Today, for example, given the sesquicentenical nature of the show, it would make sense to play the first 149 episodes sequentially and, if possible, simultaneously. But, as many of you know, we've been there, done that, got the embroidered antimacassar with the scratch & sniff potpourri panels. Likewise today, due to the plethora of 20th century compositional giants who chose to die on this date, logic would dictate that we devote more than a token nod of the severely sloped forehead to the powerful opening chords of Ferde Grofé's inimitable "Atlantic Crossing" -- a place where we haven't been, nor, due to the inexcusable unavailability of this tune, are we soon likely to -- coupled with Kurt Weill's opera buffo, "The Rise and Fall of Mahogany Acres" -- the story of a housing development that goes belly up in an Arizona swamp, mixed with the haunting B sharp minor sensibilities of Stefan Wolpe's Le Flambeau Oriange, a piece as far removed from polite conversation as is a snow cone from a Zapatista medicine man's ceremonial headdress.

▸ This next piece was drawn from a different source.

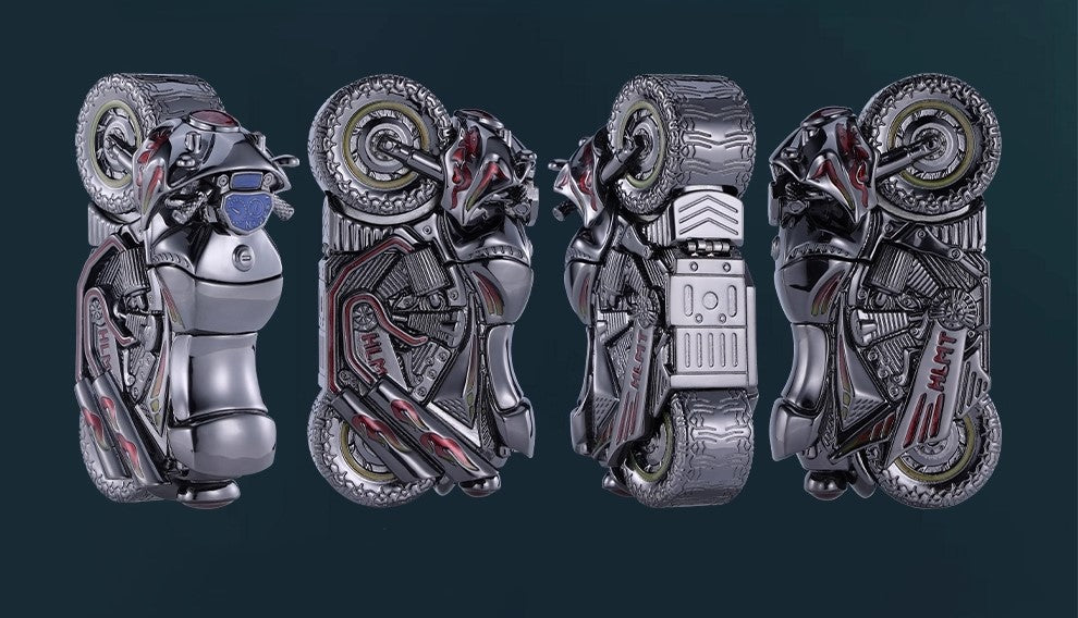 * UNIQUE COMBINABLE DESIGN: A single Zippo lighter is encased by two armor parts to form a complete motorcycle, offering a unique interactive experience.
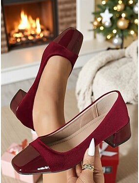 Zapatos de tacón cuadrado de charol rojo y terciopelo para mujer, punta cuadrada, elegantes y cómodos, perfectos para Navidad, ropa de oficina y eventos diarios.

We could do all of this and more, but instead have chosen to observe the sesqui-show, that is, the 150th episode of Kalvos & Damian's New Music Bazaar, with decorum and discipline. No guests, no sleight of hand musical prestidigitations, no Mario Castelnuovo-Tabasco, not even a Mega-Besto compiled from the first 29 Best of the Bazaars, although a reasonable facimile will inevitably appear. No, today we're simply on our own, working without a net, or any of the other Kalv-kateers -- the "we" consisting of two parties vigorously endeavoring to stay out of perspective, the one who is apparently succeeding so far of whom is Kalvos.